The input >>
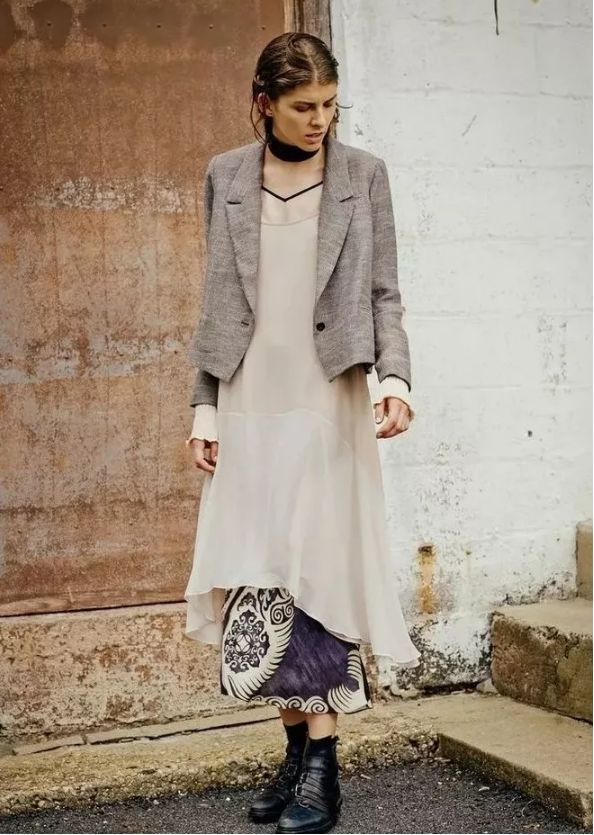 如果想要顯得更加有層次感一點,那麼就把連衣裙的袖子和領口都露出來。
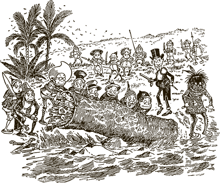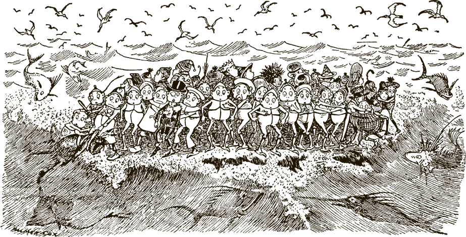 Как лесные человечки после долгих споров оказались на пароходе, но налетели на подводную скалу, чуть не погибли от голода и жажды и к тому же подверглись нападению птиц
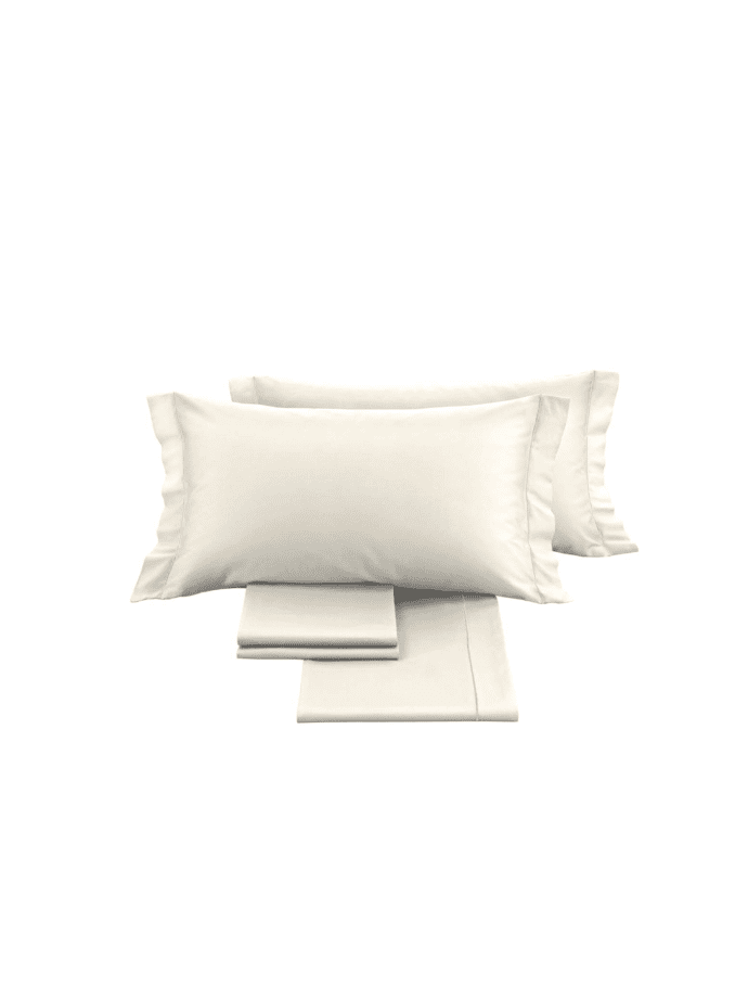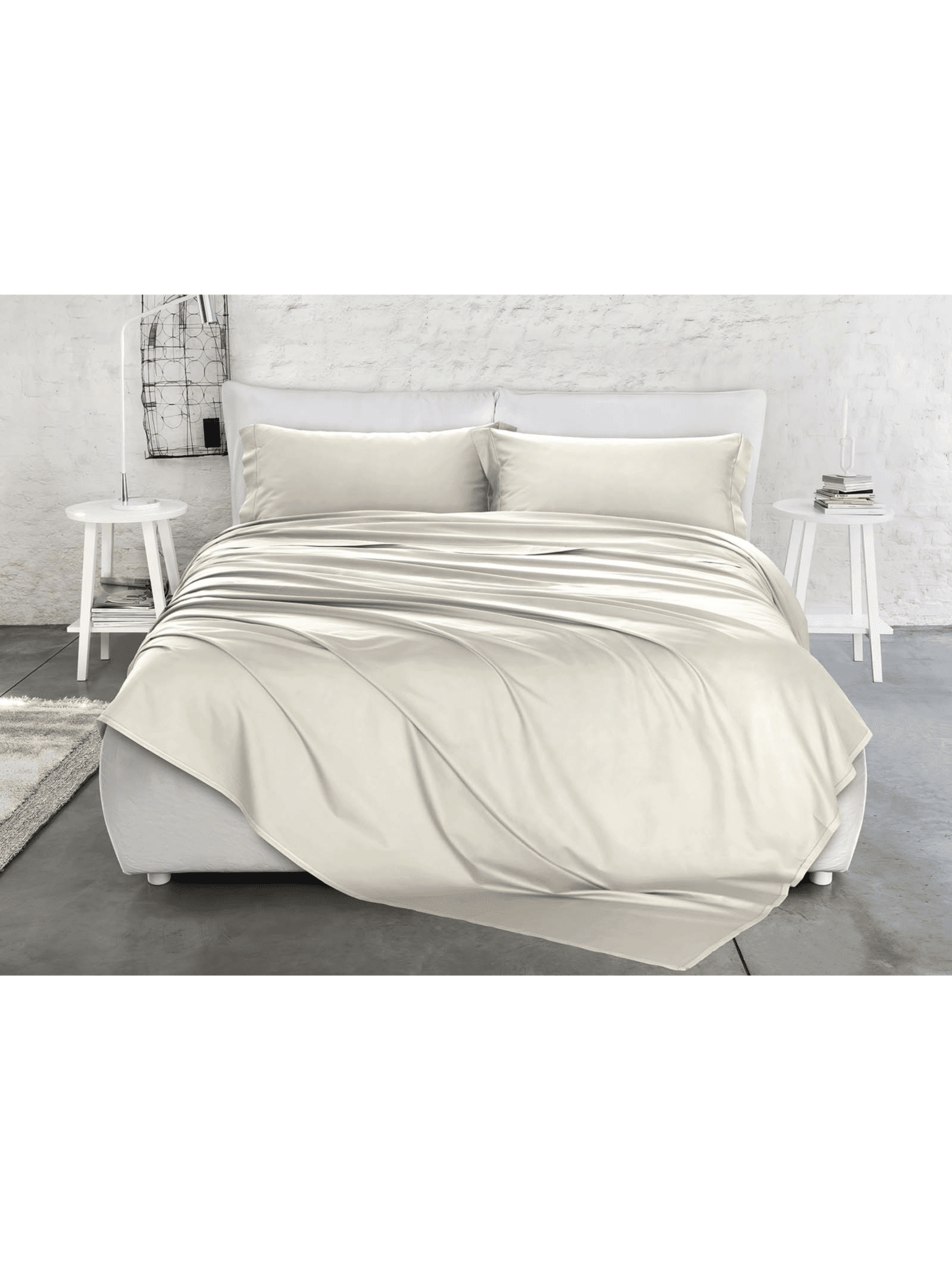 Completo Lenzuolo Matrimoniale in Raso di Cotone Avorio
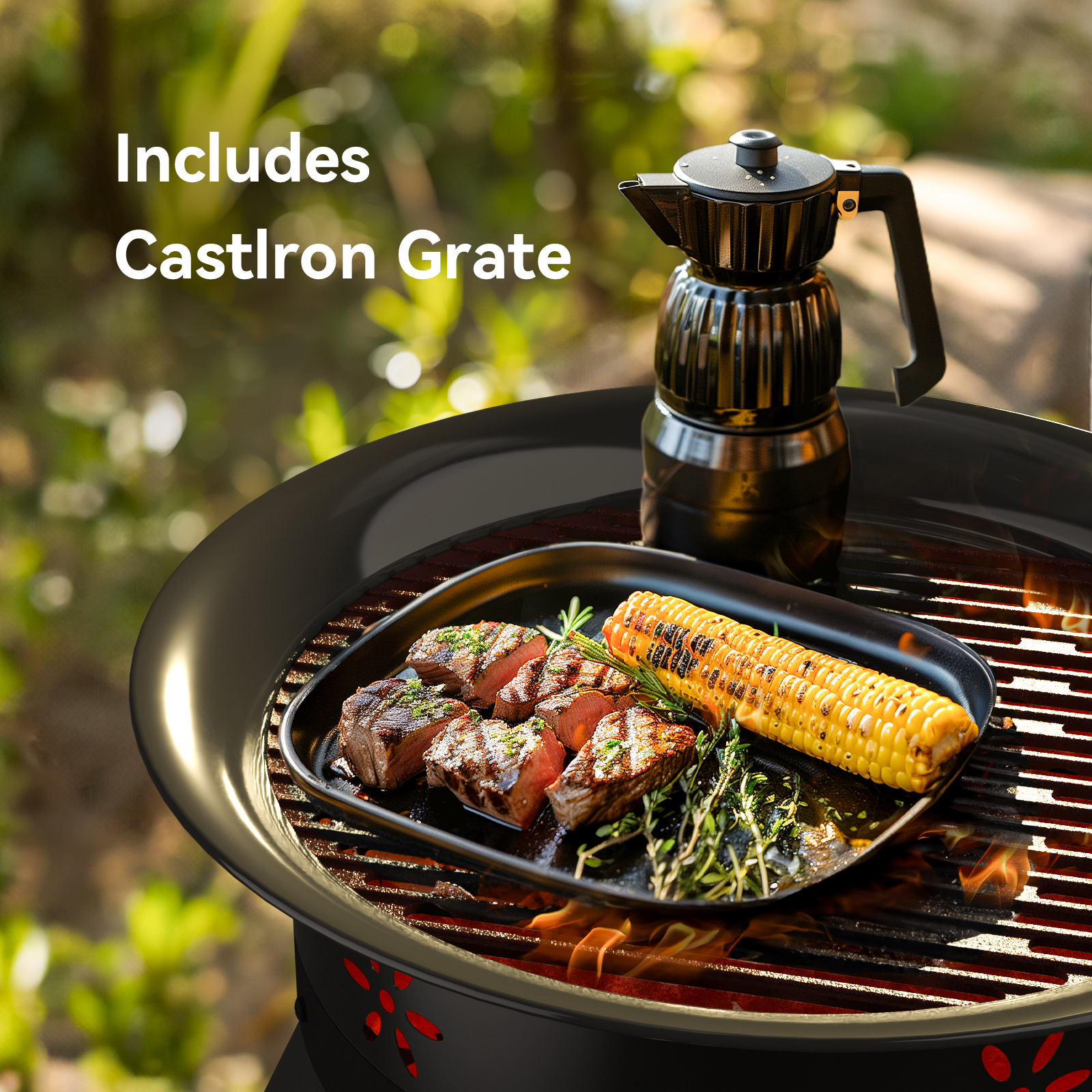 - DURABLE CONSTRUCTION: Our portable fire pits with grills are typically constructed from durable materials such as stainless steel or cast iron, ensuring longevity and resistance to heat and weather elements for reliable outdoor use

---

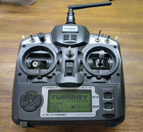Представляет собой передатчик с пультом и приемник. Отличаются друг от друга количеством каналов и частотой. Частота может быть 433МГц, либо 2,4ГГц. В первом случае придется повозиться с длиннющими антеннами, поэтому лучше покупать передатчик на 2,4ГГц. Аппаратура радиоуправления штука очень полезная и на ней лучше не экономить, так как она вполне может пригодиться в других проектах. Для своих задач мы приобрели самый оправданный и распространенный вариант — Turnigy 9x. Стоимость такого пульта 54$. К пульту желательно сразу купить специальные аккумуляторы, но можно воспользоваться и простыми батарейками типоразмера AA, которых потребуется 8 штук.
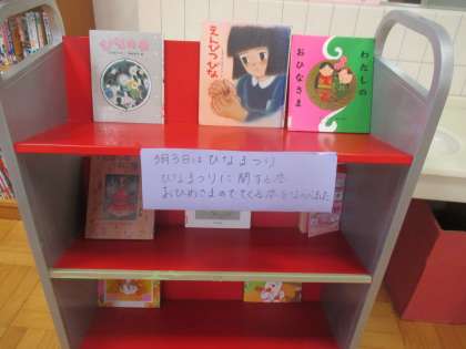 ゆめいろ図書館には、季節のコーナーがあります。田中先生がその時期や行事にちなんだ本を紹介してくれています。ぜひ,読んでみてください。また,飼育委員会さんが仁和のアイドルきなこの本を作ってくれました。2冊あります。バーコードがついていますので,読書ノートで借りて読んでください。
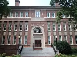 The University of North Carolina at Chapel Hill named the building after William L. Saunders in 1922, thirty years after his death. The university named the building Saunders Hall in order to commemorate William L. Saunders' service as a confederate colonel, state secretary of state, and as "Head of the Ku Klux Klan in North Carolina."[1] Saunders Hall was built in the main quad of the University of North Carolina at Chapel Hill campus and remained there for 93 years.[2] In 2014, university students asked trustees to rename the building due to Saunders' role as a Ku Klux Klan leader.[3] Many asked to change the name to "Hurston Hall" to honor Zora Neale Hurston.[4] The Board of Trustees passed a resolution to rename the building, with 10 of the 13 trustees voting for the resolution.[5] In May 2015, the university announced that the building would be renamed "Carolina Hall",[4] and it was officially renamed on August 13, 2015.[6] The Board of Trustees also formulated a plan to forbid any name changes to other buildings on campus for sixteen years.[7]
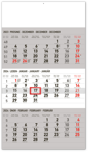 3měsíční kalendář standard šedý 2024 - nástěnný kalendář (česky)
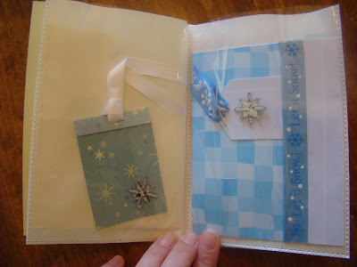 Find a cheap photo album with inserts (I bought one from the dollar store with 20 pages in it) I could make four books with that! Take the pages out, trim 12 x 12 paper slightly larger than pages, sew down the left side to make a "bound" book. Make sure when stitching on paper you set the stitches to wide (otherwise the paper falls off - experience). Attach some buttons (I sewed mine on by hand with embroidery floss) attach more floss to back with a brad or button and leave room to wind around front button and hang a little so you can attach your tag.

...

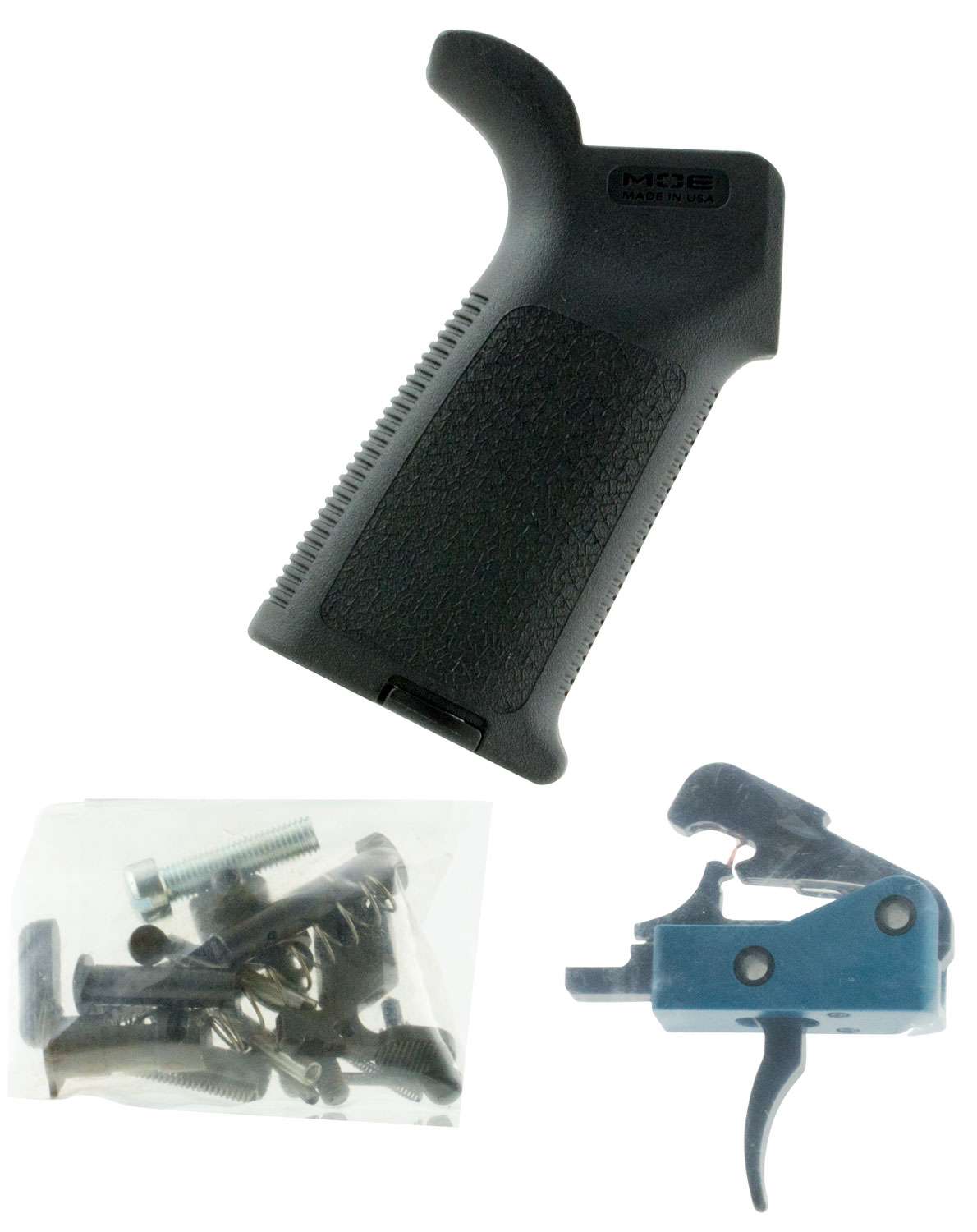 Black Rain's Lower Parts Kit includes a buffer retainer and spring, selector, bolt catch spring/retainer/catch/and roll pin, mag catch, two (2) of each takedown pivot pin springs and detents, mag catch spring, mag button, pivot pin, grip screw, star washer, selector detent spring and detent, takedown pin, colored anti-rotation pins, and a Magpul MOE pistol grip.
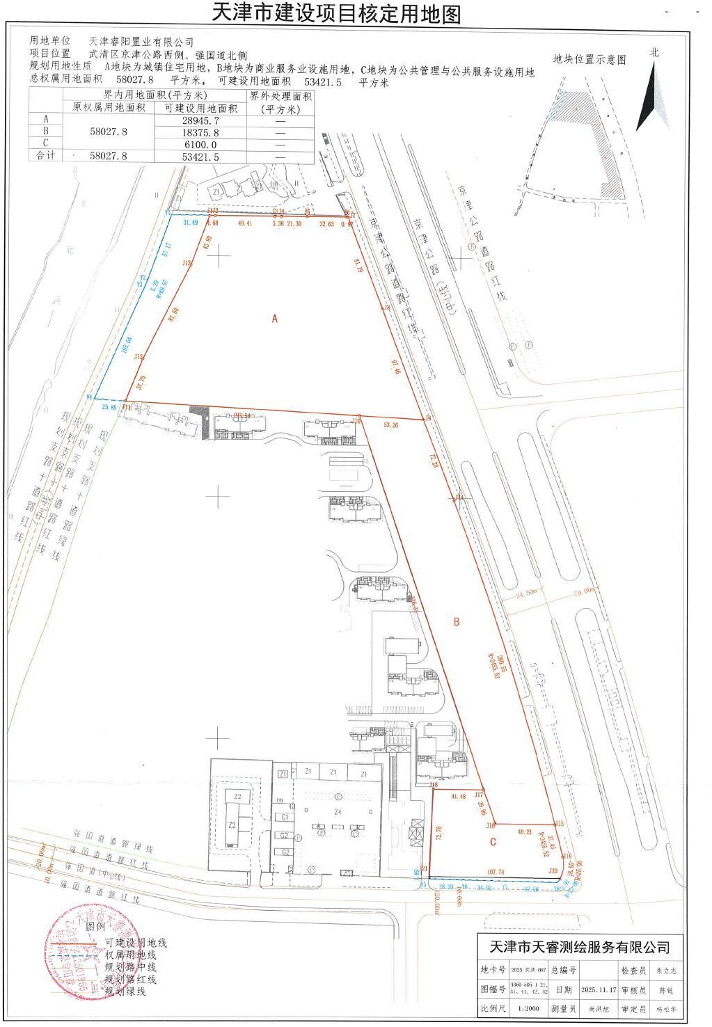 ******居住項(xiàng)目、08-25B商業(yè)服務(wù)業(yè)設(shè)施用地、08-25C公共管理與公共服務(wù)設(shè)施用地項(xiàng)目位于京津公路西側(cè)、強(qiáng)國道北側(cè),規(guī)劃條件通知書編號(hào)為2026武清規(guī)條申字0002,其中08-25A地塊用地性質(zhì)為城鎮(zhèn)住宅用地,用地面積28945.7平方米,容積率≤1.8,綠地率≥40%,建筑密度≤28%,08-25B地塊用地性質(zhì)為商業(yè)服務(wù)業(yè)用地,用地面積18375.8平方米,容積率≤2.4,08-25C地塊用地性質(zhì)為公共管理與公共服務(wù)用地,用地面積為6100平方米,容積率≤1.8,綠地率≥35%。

Directions for this task >> Give back exactly the lines above from the one with "Как лесные человечки" through the one with "Completo Lenzuolo Matrimoniale", both included. Pictures don't belong in the copy.

Result >>
 Как лесные человечки после долгих споров оказались на пароходе, но налетели на подводную скалу, чуть не погибли от голода и жажды и к тому же подверглись нападению птиц
 Completo Lenzuolo Matrimoniale in Raso di Cotone Avorio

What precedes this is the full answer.